Marine Le Pen criticized a court decision which prohibits him from presenting herself to his public service as a “political decision” and says that she will appeal.
The French far -right French politician was found guilty on Monday of the EU’s embezzlement and was prohibited from presenting himself to the elections for five years, with an immediate effect.
The decision means that, unless she can overthrow her sentence before the 2027 presidential election, Le Pen will probably not be able to stand.
“I’m not going to be eliminated like that,” Le Pen said at the French television station TF1. She will call on the verdict “as soon as possible”, she said, with “whatever the legal avenues that I can”.
Le Pen was sentenced to a sentence of four years in prison, two of which will be suspended. The other two can be spent with an electronic label rather than detention.
She also received a fine of € 100,000 (£ 82,635).
“Millions of French people are indignant,” she said, saying that the judges have “implemented measures reserved for authoritarian regimes”.
Le Pen added that it was “scandalized, indignant, but this indignation, this feeling of injustice, is an additional push in combat that I fight for them (the voters)”.
But the call process can take a long time.
The appeal trial would probably not occur for another year, and a verdict would come several months after that.
Preparing a presidential campaign in these circumstances could be complicated.
The 2027 election would have been his fourth attempt, and the one that offers the greatest chance of victory.
Jordan Bardella, the 29 -year -old president of the National Rally (RN), said on Monday that Le Pen’s conviction was a “democratic scandal”.
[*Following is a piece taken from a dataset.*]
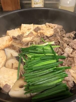 近所のマルエツで鹿児島産の黒毛和牛がお買い得だったので、以前に見たQPレシピで作ってみた(^^ゞ細切れ牛肉と八つ割りした焼き豆腐、皮付き半月切りしたレンコンを酒と味醂と砂糖で調味した出汁でしばらく煮て、塩と醤油と昨日の万能ネギ(QPはワケギを使用)を加えてさらに煮込んだだけ。肉はさっと湯通ししてアクを取ってから煮ること。

Bardella also called for a “popular and peaceful mobilization”.
He then published a link to an online petition which indicates a “dictatorship of the judges … wanted to prevent the French from expressing themselves”.
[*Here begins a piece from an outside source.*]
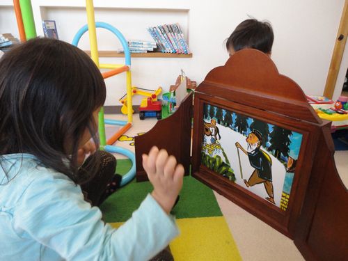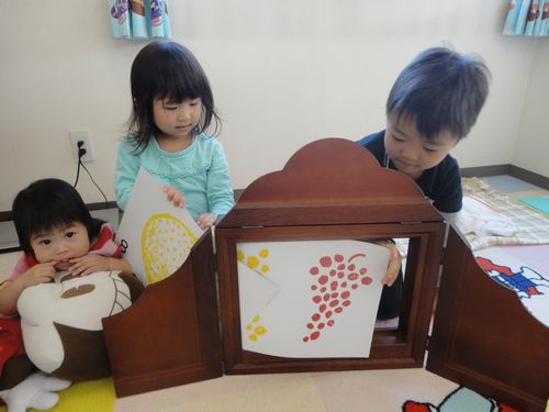 紙芝居の世界から、はやと君とみゆちゃんが出てきました

“Let’s show those who want to bypass democracy that the will of the people is stronger!” The petition is read
At the start of reading the verdict, the judge, Bénédicte de Perthuis, said that Le Pen had been at the “heart of the system” which saw the diversion of 2.9 million euros in European funds.
Two dozen RN figures were also found guilty and the party was ordered to pay a fine of 2 million euros, with half of the amount suspended.
Le Pen has been accused, as well as more than 20 other personalities from the senior party, of hiring assistants who worked on his business as a nurses rather than for the European Parliament that paid them.
During the trial last year, Le Pen denied having committed “the slightest irregularity”.
Before the sentence was pronounced on Monday, she burst out of the court, alongside other accused and headed for the siege of Paris of the RN, where the party held a “crisis meeting”.
On weekends, Le Pen had declared to the media that even if it was “not nervous”, the judges had “the power of life or death on the (political) movement”.
Shortly before his conviction, Le Pen received messages of support from the Kremlin, as well as European allies such as Viktor Orban in Hungary and the Matteo Salvini of Italy.
But some Le Pen opponents also declared that they disapprove of the judge’s decision.
The media indicated that the Prime Minister Centrist François Bayrou was “disturbed” by the decision against Marine Le Pen, although he does not intend to make a public declaration on the issue.
“The choice to reject an elected official should only belong to the people,” said Jean-Luc Mélenchon of the far left of France Unbowed (LFI).
And Laurent Wauquie, right -wing Republicans, said that the decision “would weigh very heavily on the functioning of our democracy”.
“It is undoubtedly not the route that should have been taken.”
Reading the verdict, which started shortly after 10:00 am (9:00 am BST), took almost three hours.